Abstract:We consider a class of structured, nonconvex, nonsmooth optimization problems under orthogonality constraints, where the objectives combine a smooth function, a nonsmooth concave function, and a nonsmooth weakly convex function. This class of problems finds diverse applications in statistical learning and data science. Existing ADMMs for addressing these problems often fail to exploit the specific structure of orthogonality constraints, struggle with nonsmooth functions and nonconvex constraint sets, or result in suboptimal oracle complexity. We propose {\sf OADMM}, an Alternating Direction Method of Multipliers (ADMM) designed to solve this class of problems using efficient proximal linearized strategies. Two specific variants of {\sf OADMM} are explored: one based on Euclidean Projection ({\sf OADMM-EP}) and the other on Riemannian retraction ({\sf OADMM-RR}). We integrate a Nesterov extrapolation strategy into {\sf OADMM-EP} and a monotone Barzilai-Borwein strategy into {\sf OADMM-RR} to potentially accelerate primal convergence. Additionally, we adopt an over-relaxation strategy in both {\sf OADMM-EP} and {\sf OADMM-RR} for rapid dual convergence. Under mild assumptions, we prove that {\sf OADMM} converges to the critical point of the problem with a provable convergence rate of $\mathcal{O}(1/\epsilon^{3})$. We also establish the convergence rate of {\sf OADMM} under the Kurdyka-Lojasiewicz (KL) inequality. Numerical experiments are conducted to demonstrate the advantages of the proposed method.

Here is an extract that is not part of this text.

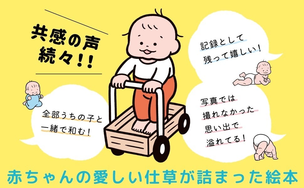 0歳から1歳半までの愛らしいしぐさや思わずニンマリするようなあるあるをぎゅっと凝縮して、大人もこどもも楽しめる一冊になりました。

What problem does this paper attempt to address?
This paper attempts to solve a class of non - convex and non - smooth composite optimization problems with orthogonal constraints. The objective function of this type of problem combines smooth functions, non - smooth concave functions and non - smooth weakly convex functions. Specifically, the paper focuses on the following form of optimization problem:
\[
\min_{X \in \mathbb{R}^{n \times r}} F(X) \triangleq f(X) - g(X) + h(A(X)), \quad \text{s.t.} \quad X^T X = I_r
\]
where:
- \(n \geq r\)
- \(A(X) \in \mathbb{R}^{m \times 1}\)
- \(I_r\) is the \(r \times r\) identity matrix
- \(X^T X = I_r\) represents the orthogonal constraint
### Problem Background
This type of optimization problem has a wide range of applications in statistical learning and data science, such as sparse principal component analysis (PCA), deep neural networks, orthogonal non - negative matrix factorization, range - based independent component analysis and dictionary learning, etc.

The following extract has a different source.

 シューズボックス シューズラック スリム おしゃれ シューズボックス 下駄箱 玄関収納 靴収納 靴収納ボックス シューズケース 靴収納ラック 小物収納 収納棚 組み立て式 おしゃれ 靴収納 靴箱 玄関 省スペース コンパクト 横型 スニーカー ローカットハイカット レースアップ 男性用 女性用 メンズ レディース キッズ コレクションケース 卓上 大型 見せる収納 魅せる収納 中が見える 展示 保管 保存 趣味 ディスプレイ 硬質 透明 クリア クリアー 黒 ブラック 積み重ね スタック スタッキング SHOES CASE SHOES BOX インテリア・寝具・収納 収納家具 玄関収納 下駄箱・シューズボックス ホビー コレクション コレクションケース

### Shortcomings of Existing Methods
The existing alternating direction method of multipliers (ADMM) has the following shortcomings when dealing with these problems:
1. **Failure to fully utilize the specific structure of the orthogonal constraint**: Many methods do not fully utilize the characteristics of the orthogonal constraint, resulting in low efficiency.
2. **Difficulty in handling non - smooth functions and non - convex constraint sets**: Existing methods often perform poorly when handling non - smooth functions and non - convex constraint sets.
3. **Sub - optimal oracle complexity**: The results of some methods may not be optimal, resulting in a slow convergence rate.
### Contributions of the Paper
To overcome the above problems, the paper proposes two variants of the OADMM (Orthogonal ADMM) algorithm:
1. **OADMM - EP**: A method based on Euclidean projection.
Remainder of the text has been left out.